In a Hacker News thread, they explained that allowing users under 18 would require verifying parental consent, maintaining separate data storage/processing policies, and implementing an age-gate system. It was simply easier to prohibit it.

JetBrains Air
https://air.dev/changelog
JetBrains is developing Air as an Agentic Development Environment, which is very similar to a response to the OpenAI Codex app — available via JetBrains AI Pro/Ultimate subscription. Currently, a Preview version is available for macOS, while Windows and Linux versions are under development.

It started as a wrapper for Codex and Claude. On March 5, Gemini CLI and Junie were added. You can now choose between different agents depending on the task or combine them — one agent can verify the work of another.

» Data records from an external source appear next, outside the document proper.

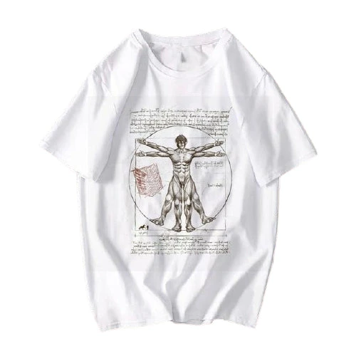 Vous aimez l’originalitĂ© ? Portez Eren Jaeger sous la forme du Titan Assaillant sous les dimensions de LĂ©onard de Vinci avec ce T-shirt Attaque des Titans.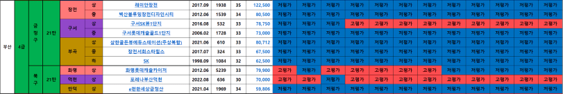 대장단지 및 랜드마크 일부만 고평가로 보여지고 있고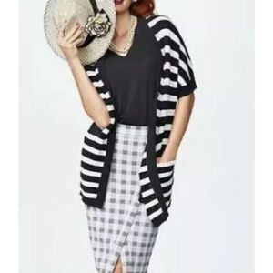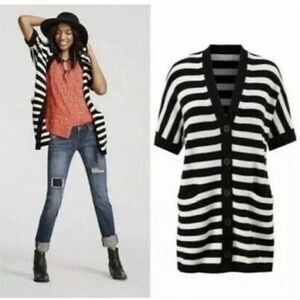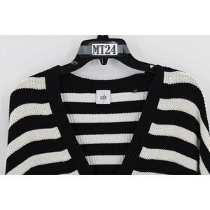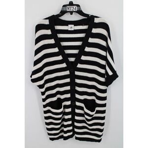 Cabi Womens Whistle Black & White Stripe Knit Cardigan Sweater Tunic 5289 Small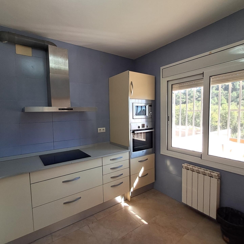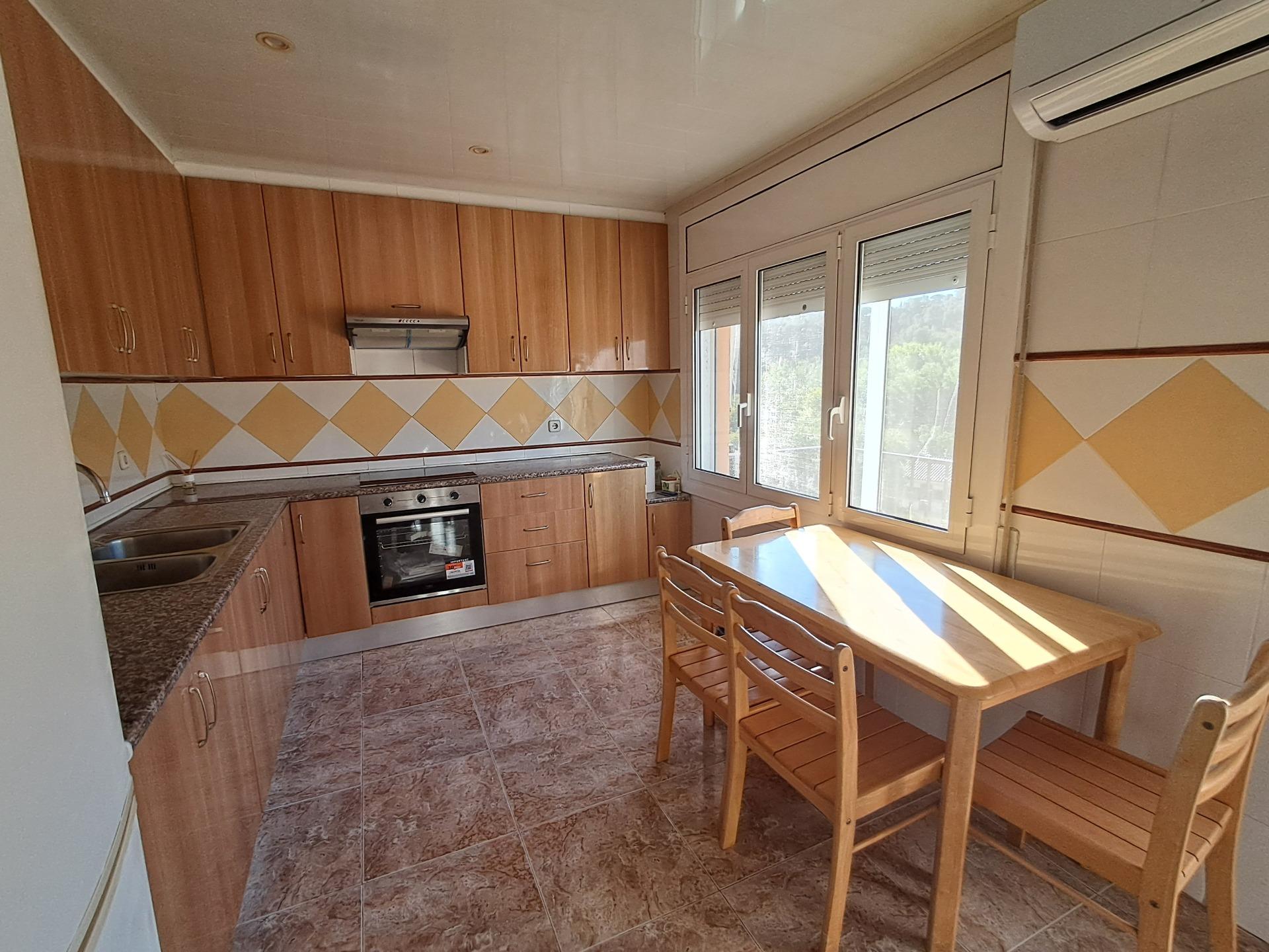Cocina y comedor con fuego a tierra y salida directa a una espectacular terraza de 60 m², orientada al sur.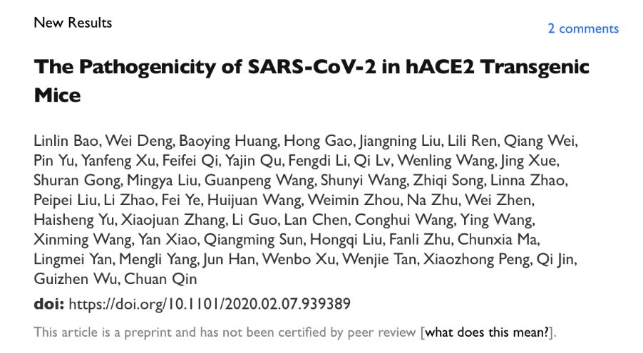 自2019年12月SARS-CoV-2引起的COVID-19爆发以来,已对中国乃至全球构成重大的的公共卫生威胁。截至3月15日,全球40多个国家/累计确诊人数超过15万,死亡人数近6千人,目前尚无好转迹象。动物模型对于阐明病毒感染与发病机制、传播途径以及抗病毒药物和疫苗评价至关重要。2020年3月9日,Nature发表新闻,实验室竞相开展SARS-CoV-2的动物模型研究,曾为SARS-CoV研发的转基因小鼠供不应求【1】。此前中国医学科学院实验动物研究所秦川团队研制的动物模型已于2月18日通过科技部组织的鉴定,率先建立了COVID-19的转基因小鼠模型和恒河猴模型【2】。转基因小鼠模型的研究经过两次修改,已于2月28日将该第三版本的论文上传至预印版bioRxiv,该研究阐明了hACE2小鼠中SARS-CoV-2感染的致病性,促进了抗病毒药物治疗研究和疫苗开发【3】。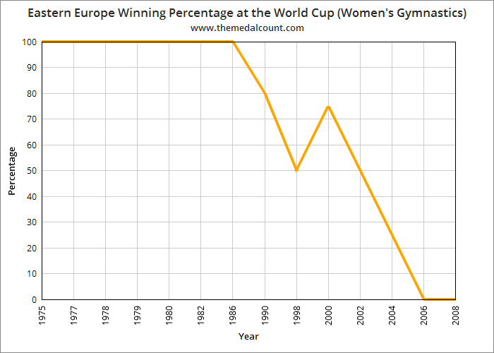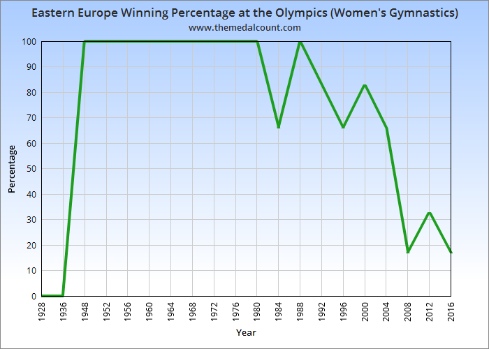 A) Winning percentage is defined as “gold medals won.” This data only focuses on wins (gold medals). Silver and bronze medals are not included. In the event of a tie, Eastern Europe receives a partial win based on how many gymnasts it tied with. For example if a Romanian and American gymnast share a gold medal, Eastern Europe gets 50% of that medal. If Romania, Russia, and China split a gold medal in a 3-way tie, Eastern Europe gets 66% of that medal.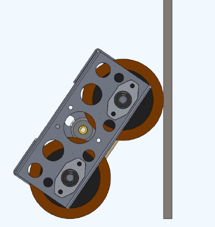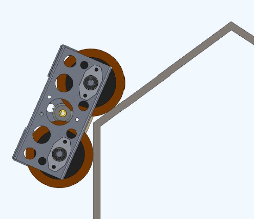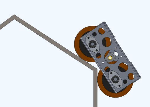 In terms of the geometry of the metal section, it had to be confirmed that the chassis would not interfere with the 5 different transitions that needed to happen. This meant that the ride height need to high enough to clear the triangular peak at the top, and the wheels needed to be peaking out of the chassis at the front and the back to be able to grip on and off the wall.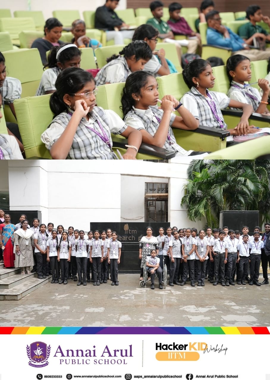 Our students of Annai Arul Public School had an exciting and enriching day at IITM, where they participated in the HackerKid Workshop. Through fun and interactive activities, they were introduced to the world of coding and technology exploring how creativity meets logic in the digital age. The workshop helped them build problem-solving skills, teamwork, and confidence as they experimented with coding concepts hands-on.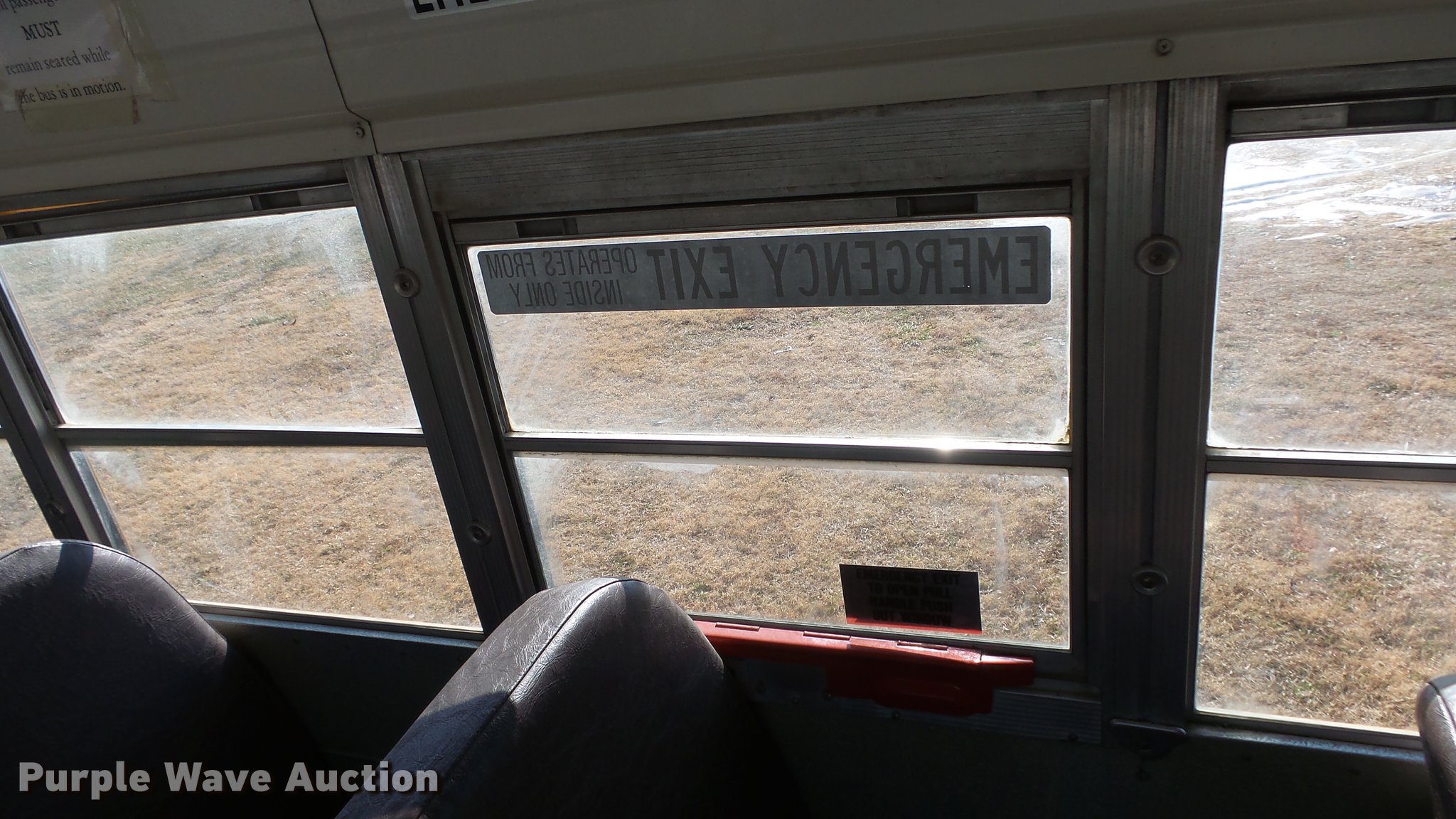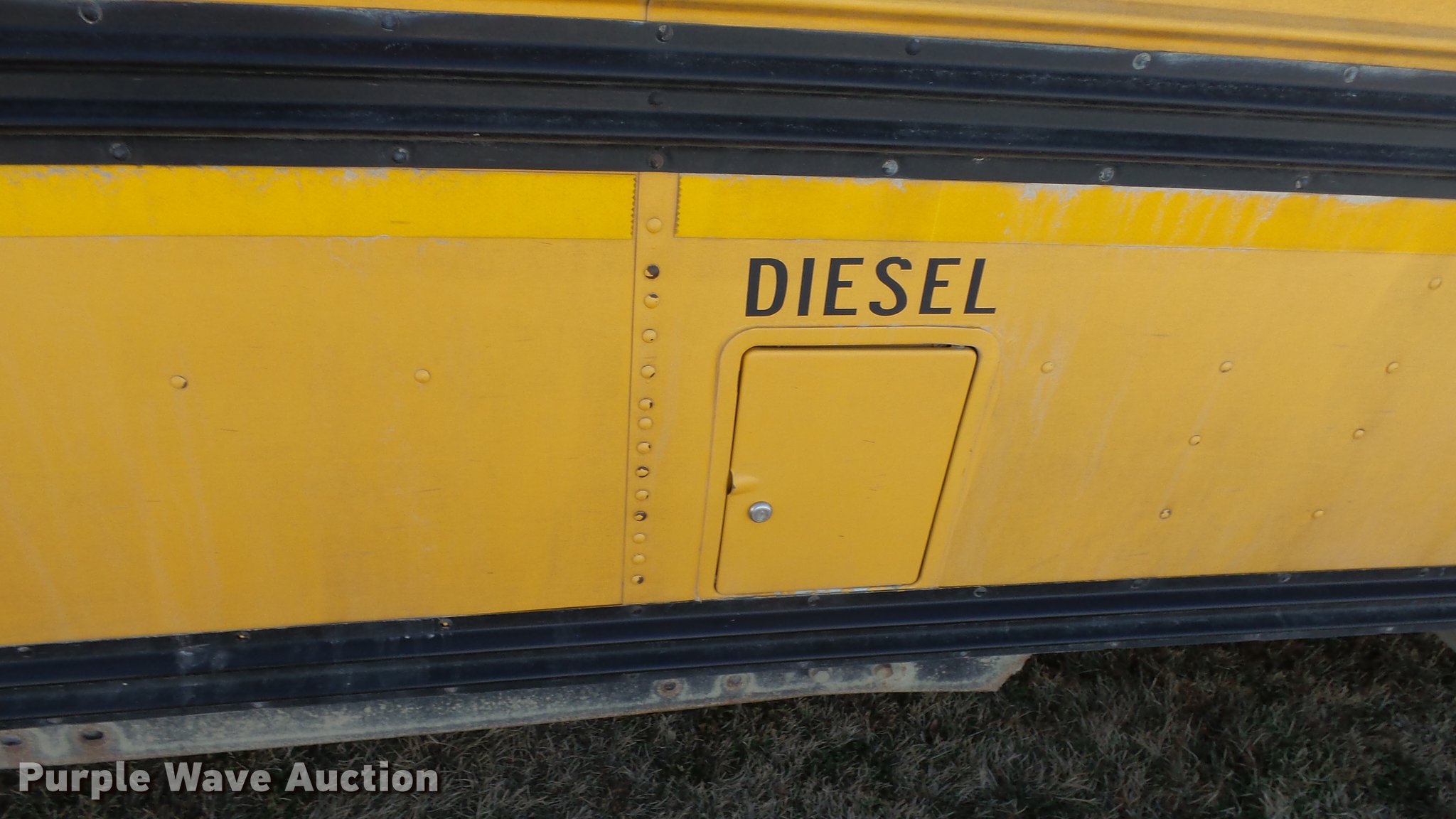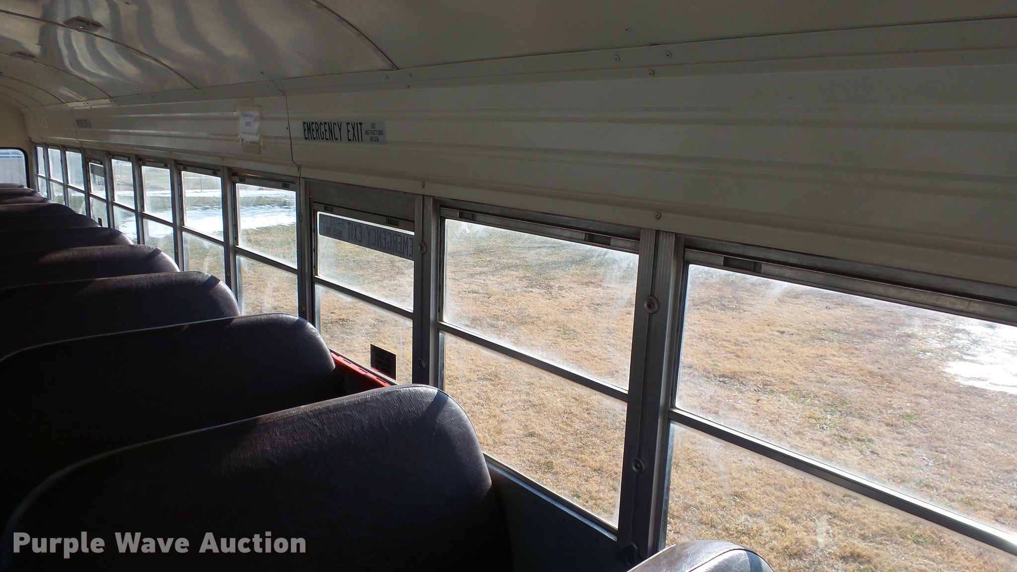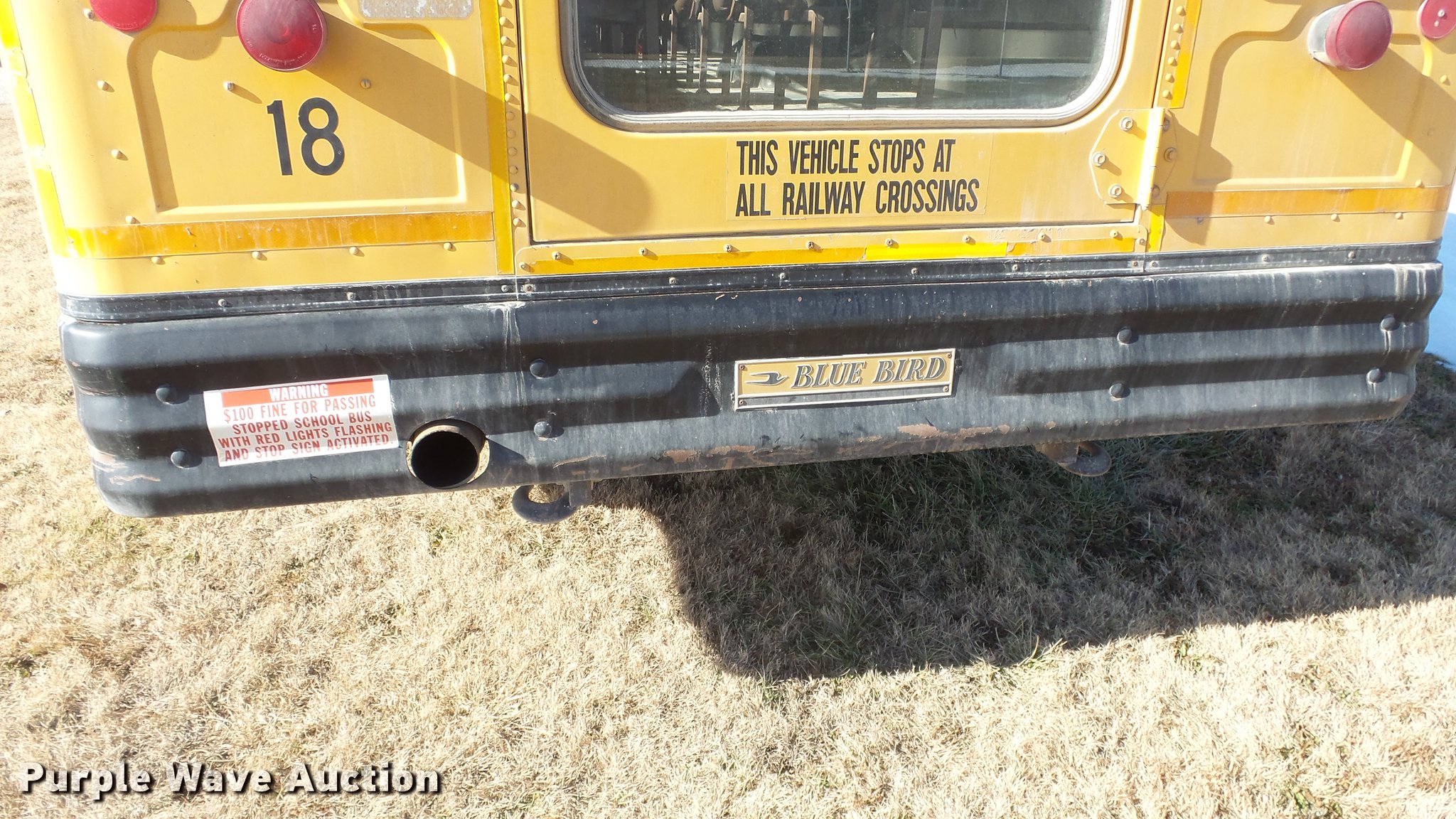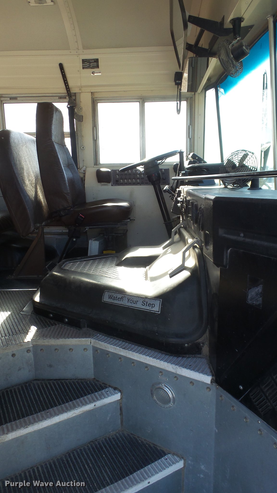 Purple Wave is selling a used Bus in Kansas. This item is a 1999 Blue Bird TC2000 school bus with the following: 169,965 miles on odometer, Cummins ISB 5.9L L6 diesel engine, Automatic transmission, Heat, AM/FM, Vinyl interior, 66 passenger capacity, Rear, side, and roof emergency exits, Spring suspension, Hydraulic brakes, 10R22.5 tires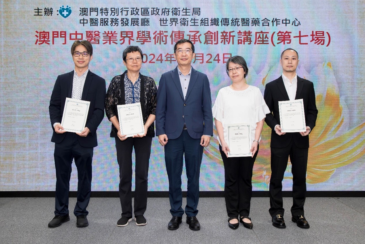 O Departamento de Desenvolvimento dos Serviços de Medicina Tradicional Chinesa dos Serviços de Saúde e o Centro de Cooperação de Medicina Tradicional da Organização Mundial de Saúde (Macau) realizaram, nos últimos dias, em conjunto, a 7.ª “Palestra sobre a Transmissão e Inovação Académica do Sector da Medicina Tradicional Chinesa de Macau”, tendo sido convidados como oradores principais, quatro médicos de medicina tradicional chinesa locais, com vasta experiência, Choi Wai Ieng, Tam Chit U, Leong Man Chon e Lai Seng Hoi, para partilharem as suas experiências clínicas e profissionais, com o sector da medicina tradicional chinesa. A actividade contou com a presença do Subdirector dos Serviços de Saúde, Dr. Cheang Seng Ip, da Coordenadora do Centro de Cooperação de Medicina Tradicional da Organização Mundial da Saúde (Macau), Dr.ª Mo Hui, e foi presidida pelos mesmos.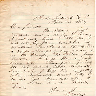 1863-06-22 J.P. Shindel Gobin from Key West, FL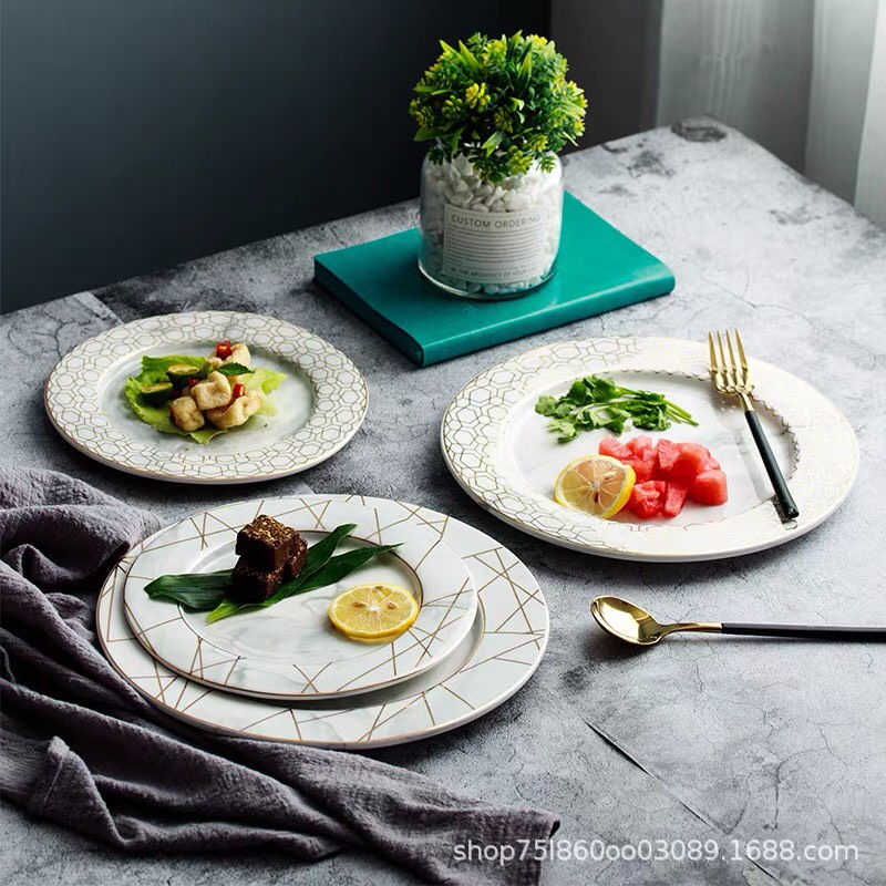 Nhà cửa & Đời sống > Bộ đồ bàn ăn > Dĩa || Bộ bát và đĩa phong cách Bắc Âu sang trọng, viền vàng,ăn tiệc cao cấp, để salad, ăn chính,Còn hàng

You can use a ChatGPT subscription (in which case only Codex will be available). Login via Claude Pro, Max, and Team has been discontinued due to Anthropic's new usage policy — API keys must be added.

T3 Code
https://t3.codes/
For some reason, Theo decided to be a developer in addition to being a vlogger — so far, it's a buggy wrapper for Codex (Claude Code to follow) with minimal description and documentation. Why anyone would use this instead of the original Codex app is unclear to me.

Leanstral Model
https://mistral.ai/news/leanstral
Mistral AI introduces Leanstral — an open-source code agent for the Lean 4 programming language (which is also an interactive theorem prover). This model, with 6B active parameters in a sparse architecture, is trained not only to perform tasks but also to formally prove the correctness of implementations. This makes it a powerful tool for code verification.

Available for free in Mistral Vibe https://mistral.ai/products/vibe (via API labs-leanstral-2603) and for download for on-premise hosting and integration with lean-lsp-mcp. This is the first contribution to a future where formal verification becomes commonplace and human review is no longer a bottleneck.

HN Reaction
https://news.ycombinator.com/item?id=47404796
Enthusiasts see a future in "executable specs" where an agent writes code + proofs, making regressions impossible. Skeptics remind that proofs only guarantee validity, not that you proved exactly what you intended, and for ordinary projects (non-mathematical/critical software), this is currently "overkill".